18One can not presume that a union’s failure to act was based on discriminatory beliefs. There may be many reasons why a union might choose not to pursue a human rights claim on behalf of an employee that have no discriminatory overtones. As such, it is essential that a factual basis for the alleged discriminatory conduct be established. A claim of discrimination must go beyond the mere fact that a particular union did not act.
19In this case, there are no allegations against the Union apart from the fact that it did not complain about the Employer’s conduct. The applicant concedes that this is the sole reason for his Application against this Union. This is not a sufficient basis upon which to file an Application under the Code. Accordingly, I find that the applicant has failed to establish a prima facie case against the Union and as such, the Application against the Union is dismissed.
Application against the Employer
20The Employer submits that the Application against it should be dismissed because it would be an abuse of the Tribunal’s process to proceed in light of the settlement that was reached before the OLRB. The Employer relies on section 45.1 of the Code which reads as follows.

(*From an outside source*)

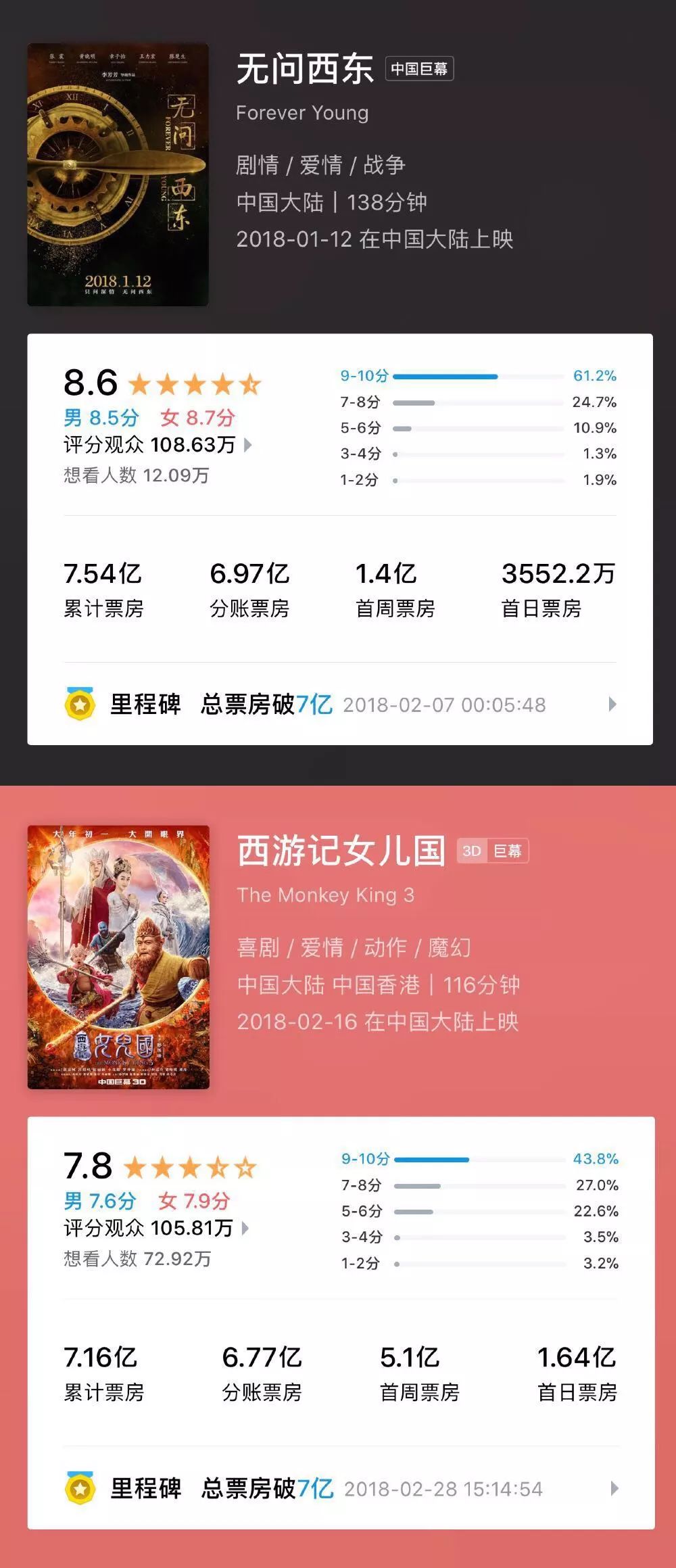 在电影投资、制作领域,幸福蓝海从2009年就已涉足,也曾参与投资出品《建国大业》《让子弹飞》《长江七号》《辛亥革命》等优秀影片。在2012年凭首部主控影片《白日焰火》拿下过亿票房并获得柏林电影节最佳影片奖,在2018年,除了票房不俗的《无问西东》《西游记女儿国》,《时代狂人》也预计在今年上映,还有《假如没有遇见你》《昆仑决》《两个人的海岛》等项目也在推进中。只是,对于缺乏好项目,在主控影片上也缺少运作大制作影片经验的幸福蓝海,品牌美誉度及票房号召力都有待提高。

The Tribunal may dismiss an application, in whole or in part, in accordance with its rules if the Tribunal is of the opinion that another proceeding has appropriately dealt with the substance of the application.
21The Tribunal has held that settlement of a matter commenced before a different tribunal may be a “proceeding” that has “dealt with the substance” of the application within the meaning of section 45.1.
22In order to determine whether the OLRB settlement appropriately dealt with the issues before the Tribunal, I must examine the facts and issues in the OLRB proceeding and the language used by the parties in their agreement to express the nature of the issues that were resolved. See Dunn v. Sault Ste. Marie (City), 2008 HRTO 149.
23It is clear when examining the OLRB Minutes of Settlement that the issues that were resolved relate solely to the two unfair labour practice complaints for vacation pay and insubordination. The settlement did not address the applicant’s human rights complaint regarding disability-based harassment and the termination of his employment. I make this finding for the following reasons:
- The complaints before the Labour Board pre-date the applicant’s workplace injury and his subsequent complaints of disability-based harassment and termination;
- The Minutes of Settlement refer only to the Labour Board complaints: no other complaints are mentioned;
- The Minutes of Settlement state explicitly that the compensation received “encompasses all claims including but not limited to monetary claims made on behalf of Mr. and Mrs. Baylet in respect of Board File 2882-03-U and 3731-03-U and that all matters raised in the aforementioned Board Files are fully and finally resolved”. There is no reference to a human rights complaint;
- The OLRB settlement is on behalf of the applicant and his spouse. The Application before the Tribunal concerns only the applicant;
- The Minutes of Settlement are on a without prejudice basis;
- The Minutes of Settlement were entered into two years after the applicant filed his human rights complaint with the Ontario Human Rights Commission. Had the parties intended to include his human rights complaint in the settlement, they would have done so explicitly.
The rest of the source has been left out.